A more powerful alternative to using shell scripts to document and automate your analysis process is to use a workflow management tool. A simple one of these that is frequently used in software development is called Make; Software Carpentry has a lesson on getting started with Make.

More powerful again are tools like Snakemake and Nextflow, which are used for very intricate scientific analyses with very many steps.

We don’t have time to look into these tools in more detail in this lesson, but if you find that your shell scripts are getting too long or intricate, then it it might be worth your time to look into using one of these tools.

Removing hardcoded data

Take a look at the calc_fractal.py file in the challenge repository. Currently this will generate the files needed for fig3.py, but must be edited to allow fig1.py and fig2.py to run correctly.

Adapt calc_fractal.py to allow this parameter to instead be set by a command-line argument.

Solution

There are a few ways to do this. One is to use some ifs:

parser = argparse.ArgumentParser()
parser.add_argument('order', type=int, help="Order of the polynomial")
parser.add_argument('outfile', type=str, help="Where to put the output file")
args = parser.parse_args()

if args.order == 3:
    def polynomial(x):
        return x ** 3 - 1

    def derivative(x):
        return 3 * x ** 2
elif args.order == 5:
    def polynomial(x):
        return x ** 5 - 1

    def derivative(x):
        return 5 * x ** 4
elif args.order == 6:
    def polynomial(x):
        return x ** 6 - 1

    def derivative(x):
        return 6 * x ** 5
else:
    raise ValueError(f"I don't know how to handle order {order}.")

This is quite verbose, and repeats itself. If they are familiar to you, you might want to use some more advanced features of Python to reduce the amount of repetition.
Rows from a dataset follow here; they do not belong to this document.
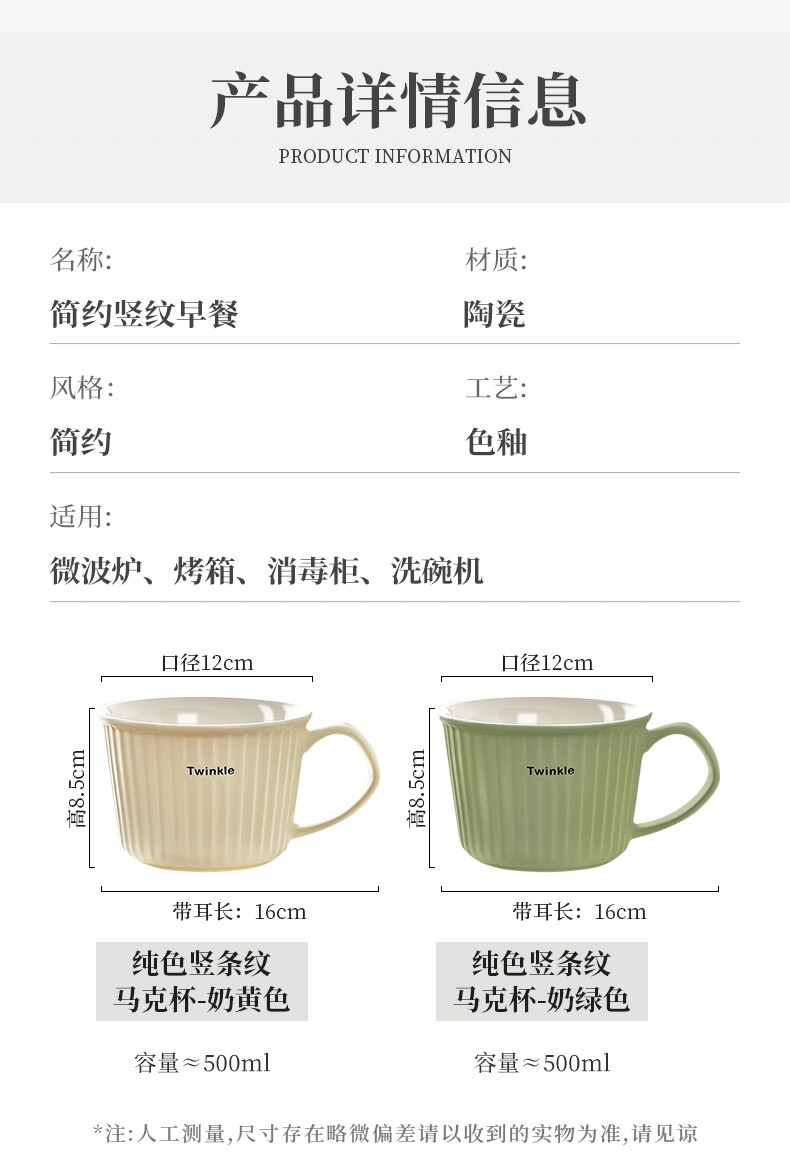Color Classification 500ml Vertical Pattern Breakfast Cup-Milk Yellow,500ml Vertical Pattern Breakfast Cup-Milk Green,2 Pack [Milk Yellow + Milk Green],Creamy Yellow + Imitation Wood Grain Spoon,Milk Green + Imitation Wood Grain Spoon,Creamy Yellow + Sky Blue Spoon + Silicone Lid,Milk Green + Sky Blue Spoon + Silicone Lid,560ml Breakfast Cup,560ml Breakfast Cup + Imitation Wooden Handle Spoon,560ml Breakfast Cup + Sky Blue Spoon + Silicone Lid,Vertical Pattern Mug-Cream Yellow,Vertical Pattern Mug-Milk Green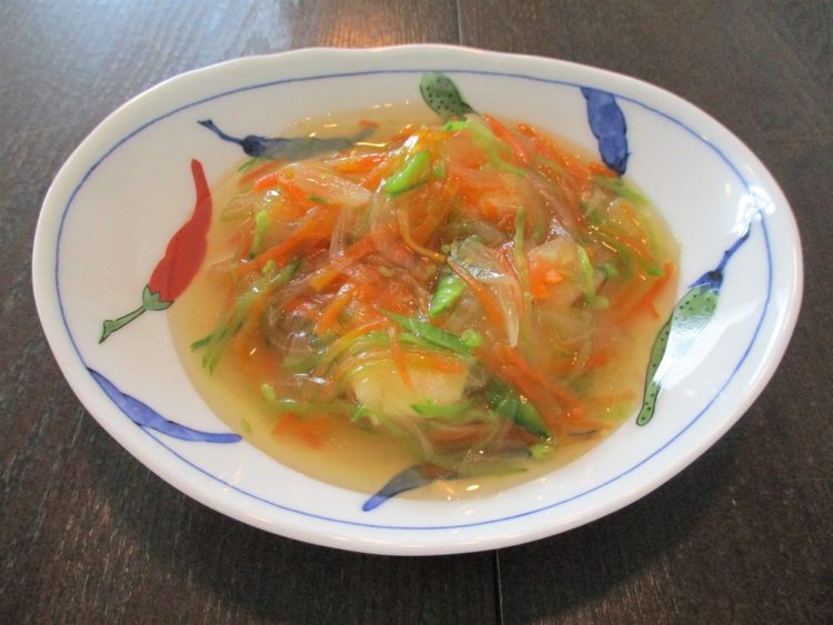 ご飯、オクラのすまし汁、鶏肉の生しょうゆ糀焼き、南瓜の煮物、春雨といかの和え物、
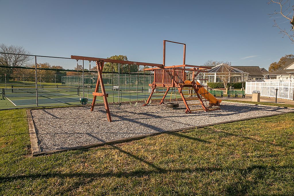 A vibrant playground set is situated on a gravel bed, framed by green grass. The structure features a wooden frame with a slide and swings, painted in warm orange. Surrounding the playground are tennis courts, visible in the background, enclosed by fences that add a sense of structure to the space. A clear blue sky overhead enhances the cheerful ambience, while the well-maintained grass borders the playground, inviting play. Nearby benches are positioned for relaxation and supervision, emphasizing the space’s family-friendly design. This recreational area combines fun and functionality in a serene outdoor setting.
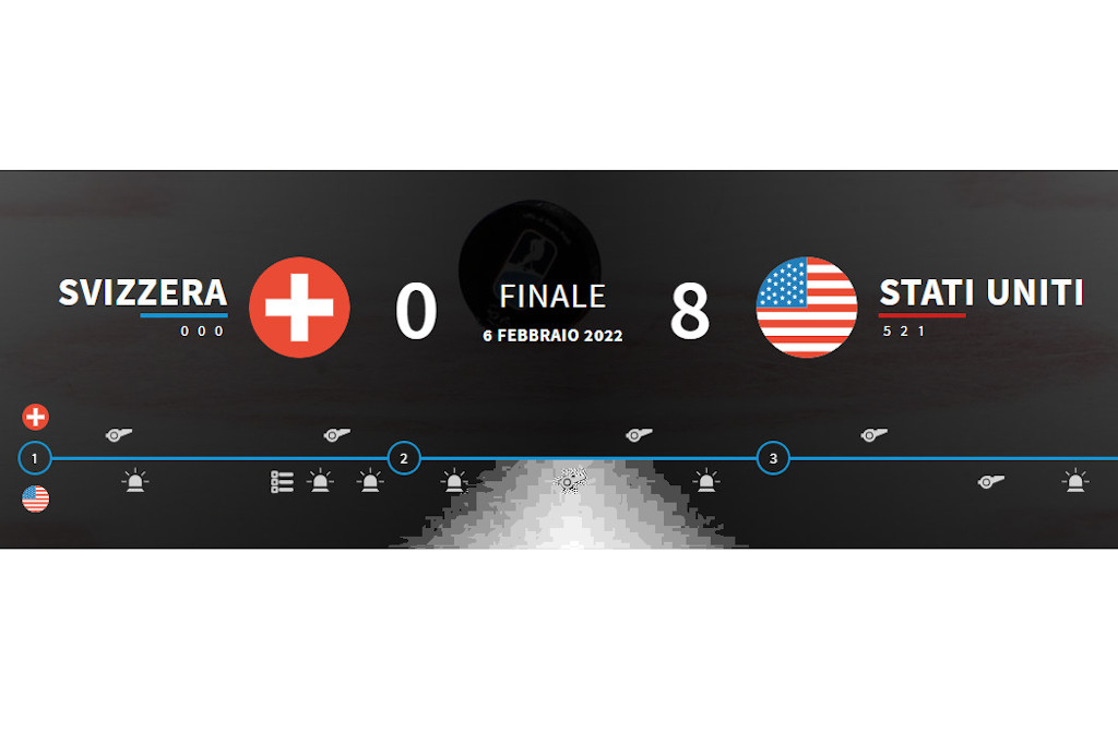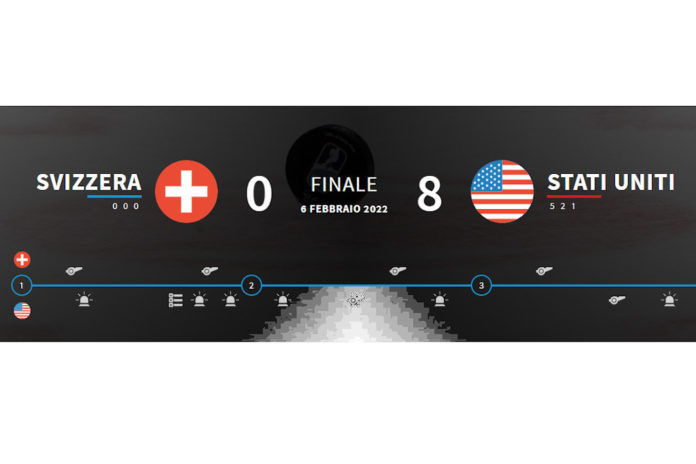 Terminata da poco la terza partita del Gruppo A per la nazionale svizzera di hockey femminile. Ad avere la meglio sulla compagine elvetica, ancora a secco di vittorie, sono state questa sera le discatrici statunitensi che si sono imposte con un netto 8 a 0.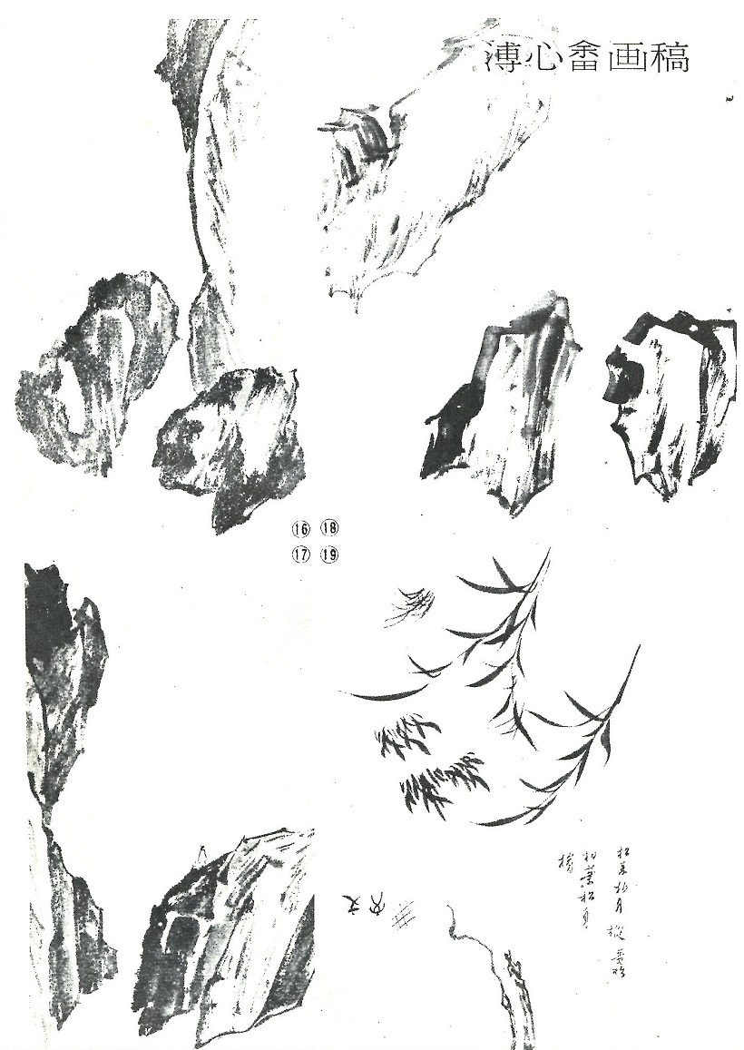 除敎披麻、解索、雨點和芝麻等皴法之外,也會敎些小斧劈(圖十二)與大斧劈或長斧劈(圖十六、圖十七和圖十八)等。在示範這些不同皴法的用筆時,他也常常談些何時該用中鋒,何時非用偏鋒不可的秘訣,對學生是很有帬助的。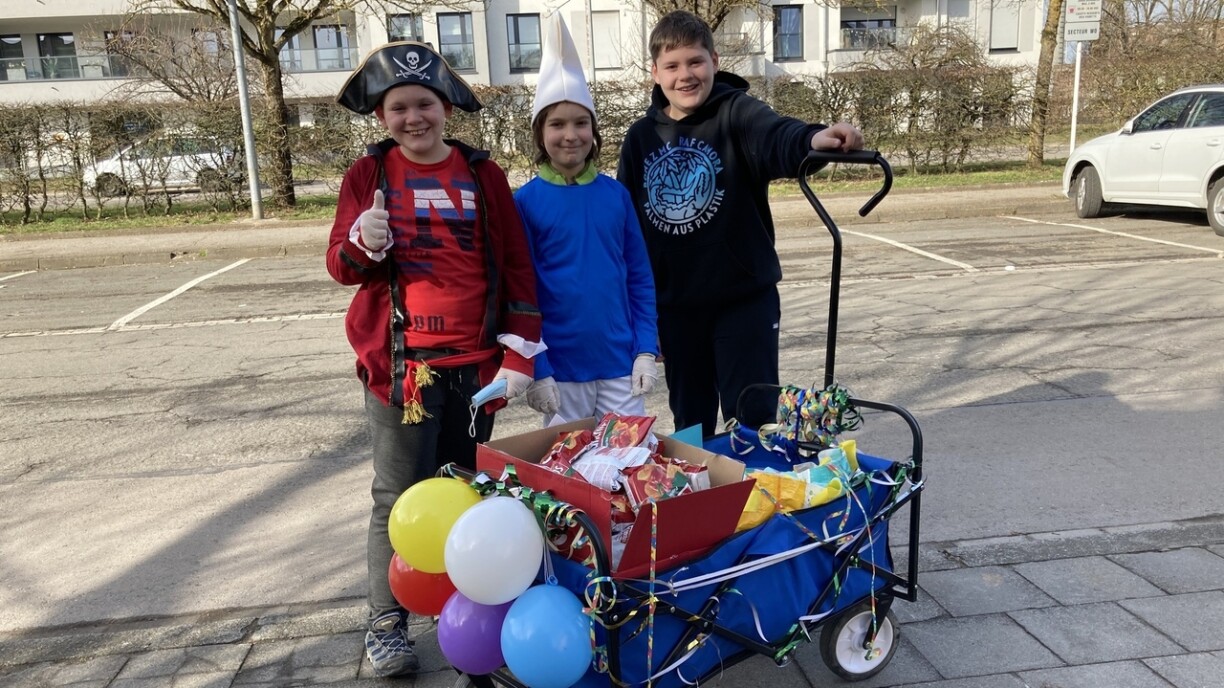 Esou hunn déi dräi Jonge sech mol an hiren flottste Fueskostüm geheit a sinn zu Esch duerch Stroosse gaangen, fir de Leit awer e puer Séissegkeeten ze verdeelen an hinnen esou ee flotte Moment ze erméiglechen. Hire Public war esou begeeschtert, dass eis dräi Jonge mat klengen Donatioune belount ginn sinn. De Matteo, de Yann an de Max wollten hiren Erléis awer fir ee gudden Zweck spenden. Si hunn der Fondatioun Kriibskrank Kanner een Don vun 350 € iwwerreecht.

For example, using dictionaries and lambdas:

polynomials = {
    3: lambda x : x ** 3 - 1,
    5: lambda x : x ** 5 - 1,
    6: lambda x : x ** 6 - 1
}

derivatives = {
    3: lambda x : 3 * x ** 2,
    5: lambda x : 5 * x ** 4,
    6: lambda x : 6 * x ** 5
}

results = angle(
    newton(polynomials[args.order], derivatives[args.order], initial_z, 20)
)

Or using functools.partial:

from functools import partial

def polynomial(x, order):
    return x ** order - 1

def derivative(x, order):
    if order == 0:
        return 0
    else:
        return order * x ** (order - 1)

results = angle(
    newton(partial(polynomial, order=args.order),
           partial(derivative, order=args.order),
           initial_z,
           20)
)

Now, adapt the instructions in the README into a shell script to allow the analysis to be run automatically.

Solution

mkdir -p results
python bin/calc_fractal 3 results/data.dat
python bin/fig1.py
python bin/calc_fractal 5 results/data.dat
python bin/fig2.py
python bin/calc_fractal 6 results/data.dat
python bin/fig3.py
python bin/fig4.py

What other change would be needed to allow this analysis to be run unattended?

Solution

Currently the images are shown on the screen; the user must save and close each image. It would be better to use savefig to save the figure to disk, instead.

Key Points

  • Use a README or similar file to explain the essential steps of running your analysis.

  • Use shell script or similar to automate the steps you would take to perform your analysis.

  • Use command-line arguments or other parameters instead of having to manually edit lines of code.